** Opening Given data block **
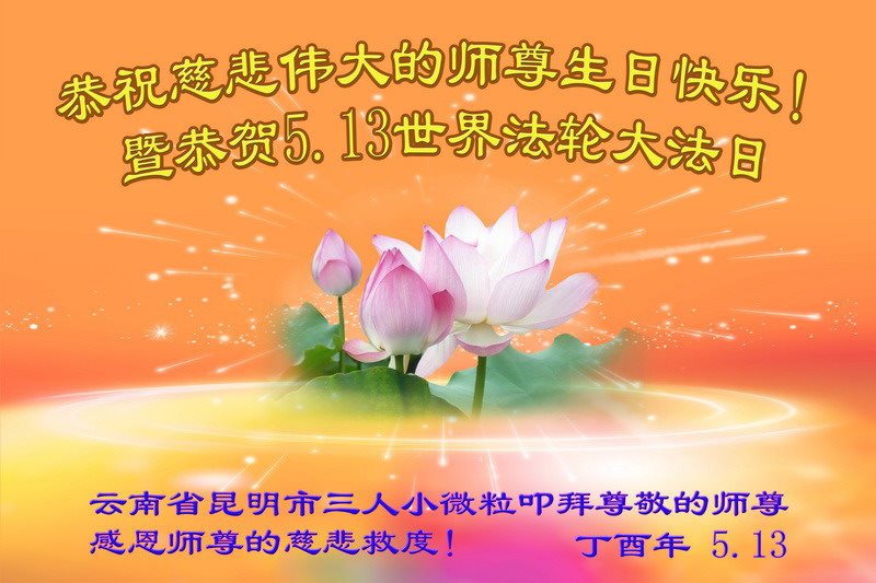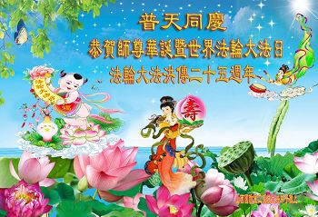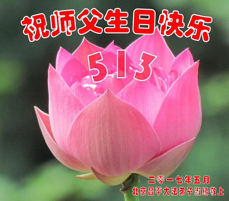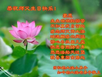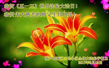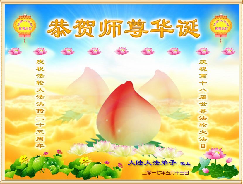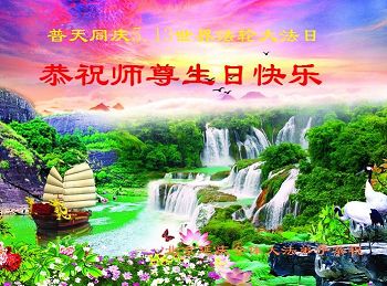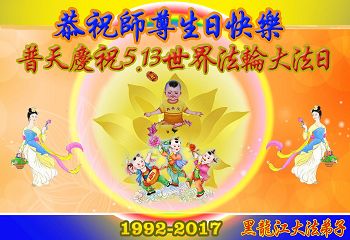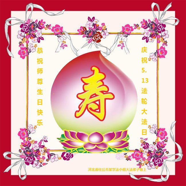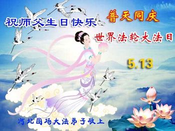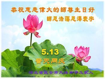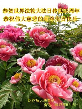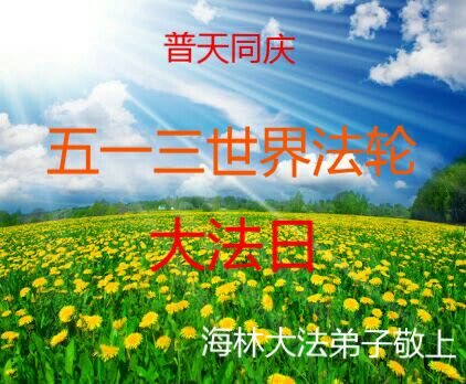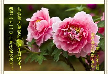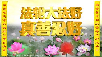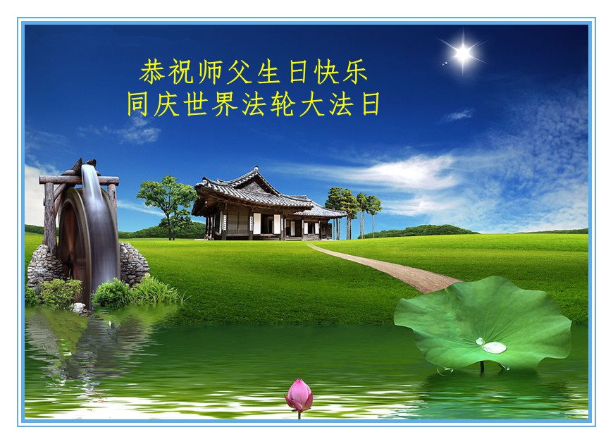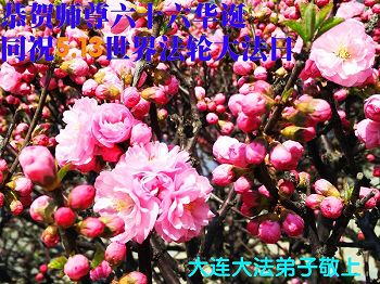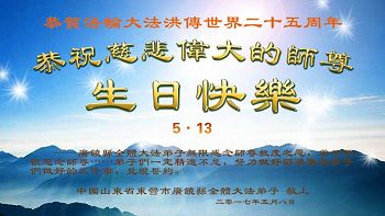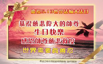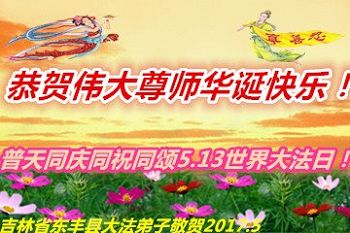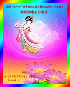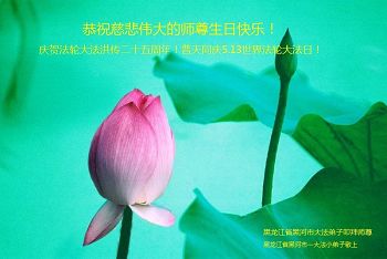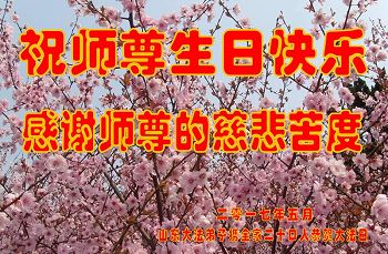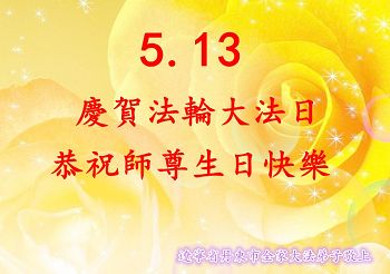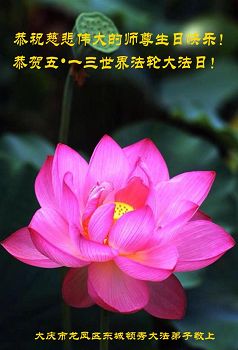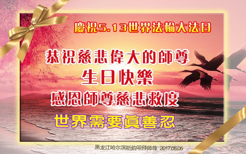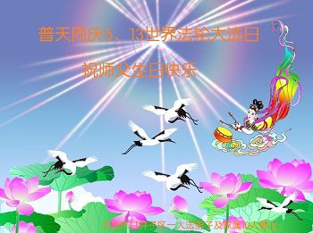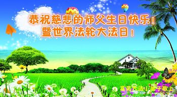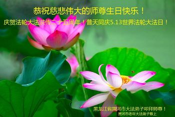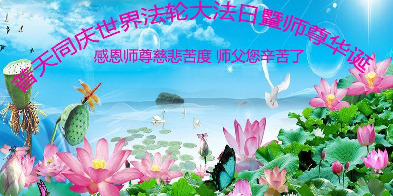 在法轮大法洪传二十五周年和师父华诞来临之际,弟子首先跪拜师父,恭祝师父生日快乐! 庆祝第十八届“五·一三”世界法轮大法日!感恩师父对众苍生的洪恩救度,对弟子的慈悲苦度。
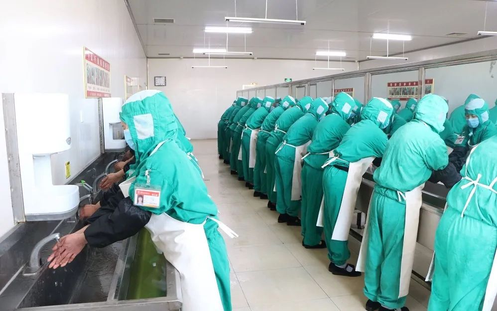 同時(shí),我們用***嚴(yán)格的工作標(biāo)準(zhǔn),***嚴(yán)謹(jǐn)?shù)墓に嚵鞒?,為消費(fèi)者提供放心、安全、健康的食品。全副武裝、30s清晰消毒、2重風(fēng)淋除塵是進(jìn)入車間的必須程序。
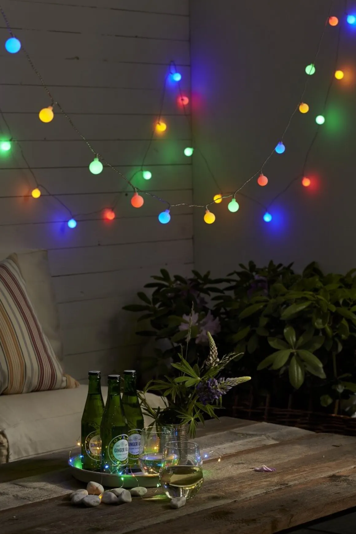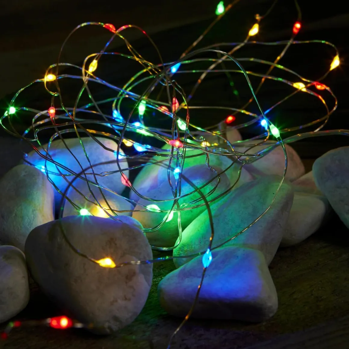 Läcker ljusslinga med 40 stycken multifärgade LED dew drops ljus. Kan användas vid diverse dekorationer, vid tex dukningar, blomsterarrangemang, i fönster, på väggen osv. Slingan har en inbyggd timer.
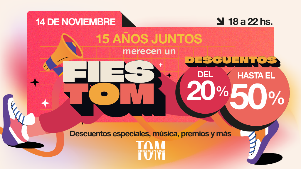 PROMOCIÓN VÁLIDA EL DIAVIERNES 14 DE NOVIEMBRE DE 2025 DE 18 A 22HS EN LOS LOCALES ADHERIDOS DE TOM - TORTUGAS OPEN MALL. HASTA CINCUENTA POR CIENTO (50%) DE DESCUENTO EN LOCALES ADHERIDOS. EL DESCUENTO SE REALIZARÁ SOBRE EL PRECIO FINAL DE PAGO. NO ES ACUMULABLE CON OTRAS VIGENTES. CONSULTE EN CADA LOCAL ADHERIDO CUANDO LOS PRECIOS SE EXHIBAN FINANCIADOS, EL PRECIO DE CONTADO DE LOS PRODUCTOS, EL PRECIO TOTAL FINANCIADO, EL ANTICIPO SI LO HUBIERE, LA CANTIDAD Y MONTO DE CADA UNA DE LAS CUOTAS, LA TASA DE INTERES EFECTIVA ANUAL APLICADA Y EL COSTO FINANCIERO TOTAL. CONSULTE EN EL RESPECTIVO LOCAL LOS MEDIOS DE PAGO. CONSULTE LOS LOCALES ADHERIDOS EN EL STAND DE ATENCIÓN AL CLIENTE SITO EN PLANTA BAJA DEL CENTRO COMERCIAL Y EN WWW.TORTUGASOPENMALL.COM.AR . B.A. MALL SAU AV. DEL LIBERTADOR 602, PISO 18°, CIUDAD AUTÓNOMA DE BUENOS AIRES. CUIT 30-70989881-3
** Closing Given data block **
Exercise brief:
Every line of the material above must be written out exactly, with no pictures.

Task answer:
 在法轮大法洪传二十五周年和师父华诞来临之际,弟子首先跪拜师父,恭祝师父生日快乐! 庆祝第十八届“五·一三”世界法轮大法日!感恩师父对众苍生的洪恩救度,对弟子的慈悲苦度。
 同時(shí),我們用***嚴(yán)格的工作標(biāo)準(zhǔn),***嚴(yán)謹(jǐn)?shù)墓に嚵鞒?,為消費(fèi)者提供放心、安全、健康的食品。全副武裝、30s清晰消毒、2重風(fēng)淋除塵是進(jìn)入車間的必須程序。
 Läcker ljusslinga med 40 stycken multifärgade LED dew drops ljus. Kan användas vid diverse dekorationer, vid tex dukningar, blomsterarrangemang, i fönster, på väggen osv. Slingan har en inbyggd timer.
 PROMOCIÓN VÁLIDA EL DIAVIERNES 14 DE NOVIEMBRE DE 2025 DE 18 A 22HS EN LOS LOCALES ADHERIDOS DE TOM - TORTUGAS OPEN MALL. HASTA CINCUENTA POR CIENTO (50%) DE DESCUENTO EN LOCALES ADHERIDOS. EL DESCUENTO SE REALIZARÁ SOBRE EL PRECIO FINAL DE PAGO. NO ES ACUMULABLE CON OTRAS VIGENTES. CONSULTE EN CADA LOCAL ADHERIDO CUANDO LOS PRECIOS SE EXHIBAN FINANCIADOS, EL PRECIO DE CONTADO DE LOS PRODUCTOS, EL PRECIO TOTAL FINANCIADO, EL ANTICIPO SI LO HUBIERE, LA CANTIDAD Y MONTO DE CADA UNA DE LAS CUOTAS, LA TASA DE INTERES EFECTIVA ANUAL APLICADA Y EL COSTO FINANCIERO TOTAL. CONSULTE EN EL RESPECTIVO LOCAL LOS MEDIOS DE PAGO. CONSULTE LOS LOCALES ADHERIDOS EN EL STAND DE ATENCIÓN AL CLIENTE SITO EN PLANTA BAJA DEL CENTRO COMERCIAL Y EN WWW.TORTUGASOPENMALL.COM.AR . B.A. MALL SAU AV. DEL LIBERTADOR 602, PISO 18°, CIUDAD AUTÓNOMA DE BUENOS AIRES. CUIT 30-70989881-3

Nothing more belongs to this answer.